The first issue of The Pilot was published on November 26, 1920 by Stacy Brewer in Vass, North Carolina. Brewer sold the paper on September 7, 1928 to Nelson C. Hyde of Southern Pines. The Pilot opened a branch office in the Patch Building in Southern Pines for its editorial and advertising staff. The newspaper also opened similar offices in Pinehurst and Aberdeen and moved to Aberdeen in 1929. Nelson Hyde sold The Pilot to James Boyd on May 23, 1941. Nelson Hyde resigned as editor and Carl Thompson took his position. James Boyd died in February 1944 and his wife, Katharine Boyd, took over the role as publisher and editor. In October 1968, Katherine Boyd sold The Pilot to Sam and Marjorie Ragan.

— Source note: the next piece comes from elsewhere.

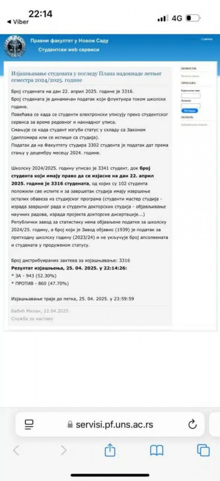 Izjašnjavanje je trebalo da traje do petka, 25.4. u ponoć, međutim, u 22 časa i 14 minuta se dešava tehnička zloupotreba servera i kompromitacija ličnih podataka studenata.

In January 1986, The Pilot became a semi-weekly paper and was published on Monday and Thursday. In July 1996, Frank Daniels Jr., Frank Daniels III, David Woronoff, Jack Andrews and Lee Drinks purchased The Pilot. On July 23, 1998, The Pilot launched its website, and in October 1999, The Pilot began publishing three days a week – Monday, Wednesday, and Friday. In May 2013, The Pilot began to print twice weekly – Wednesday and Sunday.

== Circulation ==

- In 1931, the average weekly circulation was 1,450 copies.
- In 1978, the average weekly circulation was 8,850, and the cost was 15c per issue.
- In 1998, the average weekly circulation was 15,980.
- In 2018, the average weekly circulation was 15,000.

==Awards==
The Pilot won Best Community Newspaper in the United States in 2015, 2016, and 2017 from the National Newspaper Association. In their comments about the 2015 award for General Excellence in the Non-daily Division, with circulation over 10,000, the NNA wrote: "of all the entries, this one said 'community' loudest to us. Human interest stories and local issue coverage abound. Just as important, The Pilot’s Opinion pages contain insightful, vigorous debate. This is a well-packaged paper with solid photography. The people of Southern Pines, NC, are fortunate to have this strong news source."In 2017, Pilot photographer Ted Fitzgerald won the Hugh Morton Photographer of the Year award for a community newspaper by the North Carolina Press Association. The paper won numerous awards in the category of community newspapers with over 10,000 circulation, including first place in the following categories: Feature Writing, Arts and Entertainment Reporting, Best Niche Publication, and Best Video among others.

== Quotes from the Paper ==
A long time ago, a wise old editor said,

the function of a newspaper

Is “to print the news and raise hell.”

I haven’t been able to improve upon that definition.